— Вот тогда ты начнешь писать так коряво, что только врачи смогут прочитать написанное, — смеялся Бюттель.
— А я считал, что это ваша тайнопись, — удивился брат, — меня пару раз приглашали консультировать сложные случаи внезапной смерти, я ни единого слова не смог прочитать в ваших писульках. Братья еще целый час смеялись, правда до этого они выпили две бутылки эльфийского темного.
* * *
Дилижанс появился буквально через пять минут, группа захвата едва успела приготовить оружие.

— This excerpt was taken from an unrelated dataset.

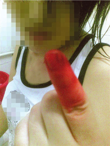 一名工友展示她受傷的手指。

Метров за двадцать до засады дверь дилижанса открылась, и оттуда выскочил мужчина. Один из стражников выстрелил из арбалета, он действовал без команды, рефлекторно. Магически усиленная стрела разворотила грудь, и мужчина умер мгновенно. Это был, явно, посторонний, потому что удар чудовищной силы снес пригорок, земля горела и плавилась. Именно в этот момент Бюттель почувствовал глубокую благодарность «перестраховщикам», выдавшим ему амулет такой силы. Стандартная фитюлька давно бы сгорела от невероятно мощного удара. Бюттель плюнул на расход магии и бросил всю энергию амулета в заклинание силового жгута. Дилижанс потерял всю правую стенку, а молодой, худощавый, бедно одетый мужчина спокойно выдержал давление ужасной силы, и … Бюттель оказался в холодной морской воде. Клубы пара поднялись вверх, магическое железо потянуло Бюттеля на дно. От неожиданности маг нахлебался соленой воды, ужас близкой смерти охватил Бюттеля, три-четыре минуты, на большее его не хватит. Через секунду, неподалеку, раздался громкий всплеск, силовой жгут ослаб, это вражеского мага затянуло в воду вслед за Бюттелем. Злорадство охватило имперского мага, он добавил к мощности амулета свой небольшой запас магии и изо всех сил сжал магический силовой кокон. Видимо, это подействовало, Бюттеля выбросило обратно на дорогу, он покатился по пылающей огнем земле, снова оказавшись в клубах пара. На этот раз чуть дольше, чем в первый раз, на целую пару секунд, пограничник задержался в море. И снова силовой жгут, натянувшись до предела, притащил вражеского мага вслед за Бюттелем. Силовой жгут протащил пограничника по другой стороне дороги, перерезав четверку лошадей и дилижанс пополам.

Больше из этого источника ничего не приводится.